This link here shows that $\langle 3 \rangle$ is a generator for the given group by brute force method, that is trial and error. I was curious as to how to justify this using the theorem.
According to the Corollary, Generators of $\mathbb{Z}_n$:
An integer $k$ in $\mathbb{Z}_n$ is a generator of $\mathbb{Z}_n$ if and only if $\gcd(n, k) = 1$.
Using this we know that $5$ is a generator of the group since gcd($|\mathbb{Z}_7^*|, 5) = 1$. (here $|\mathbb{Z}_7^*| = 6$, i.e, order of the group)
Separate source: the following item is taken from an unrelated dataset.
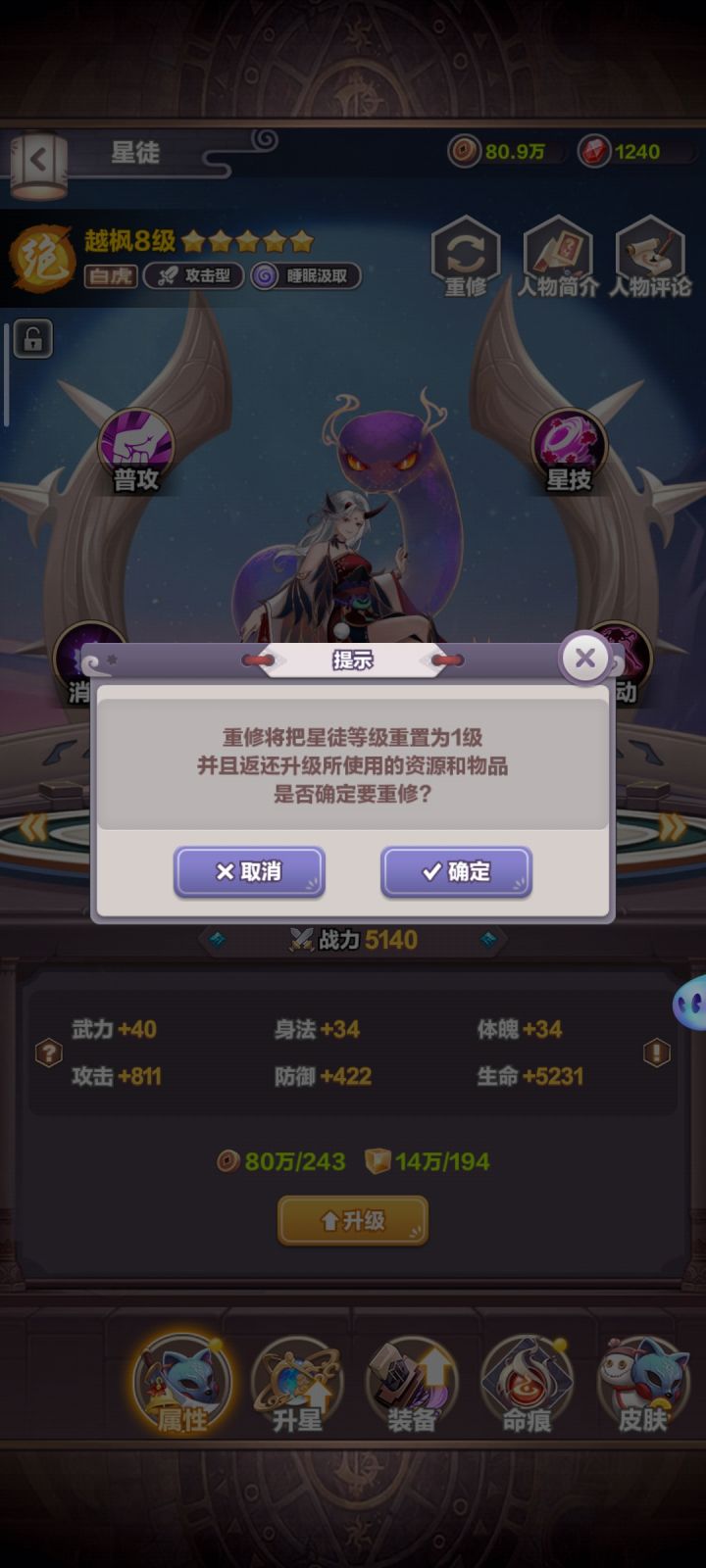 各位星主大大好~四象物语更新了【麒麟现世】大版本,除了主线冒险由自由探索的地图推进改为更轻松休闲的挂机关卡外,最大的改动就在星徒的养成上了,就来让我们一起看看新的星徒的养成玩法吧! 【升级】大版本更新后,四象移除了装备格的概念,等级、装备、命痕全部直接在星徒上进行养成,同时星徒的等级上限与星徒的星级息息相关,例如4星星徒最高只能升到60级。星徒的等级是可以无损重置的,所以在前期关卡开荒时,

Although gcd($|\mathbb{Z}_7^*|, 3) = 3$.
Where am I going wrong?
Regards,
I think you have confused the groups $$\langle \Bbb Z_n, +\rangle\tag1$$ and $$\langle \Bbb Z_n^\ast, \cdot\rangle\tag2$$
Often when we mention a group, we leave the group operation implicit, and often it isn't confusing. This time, it was confusing.
The theorem you cited about $\gcd(n,k)=1$ is about the additive groups of line $(1)$. But your post you linked to is finding a generator of one of the multiplicative group mentioned in line $(2)$.
As you observed, in this example, the group of interest, $\langle \Bbb Z_7^\ast, \cdot\rangle$, has six elements, not seven.
In fact $\langle \Bbb Z_7^\ast, \cdot\rangle$ and $\langle \Bbb Z_6, +\rangle$ happen to be isomorphic. But the isomorphism looks like this:
\begin{array}{c||cccccc} \langle \Bbb Z_6, +\rangle & 0 & \color{darkgreen}{1} & 2 & 3 & 4 & \color{purple}5 \\ \langle \Bbb Z_7^\ast, \cdot\rangle & 1 & \color{darkgreen}3 & 2 & 6 & 4 & \color{purple}5 \\ \end{array}
As the theorem says, elements $1$ and $5$ are generators of $\langle \Bbb Z_6, +\rangle$.
But the corresponding generators of $\langle \Bbb Z_7^\ast, \cdot\rangle$ are called $3$ and $5$.
(There is a second isomorphism. Can you find it?)
For $\langle \Bbb Z_6, +\rangle$, it's easy to find generators ($1$ is always a generator) and your theorem tells us how. But finding a generator of $\langle \Bbb Z_7^\ast, \cdot\rangle$ is not simple.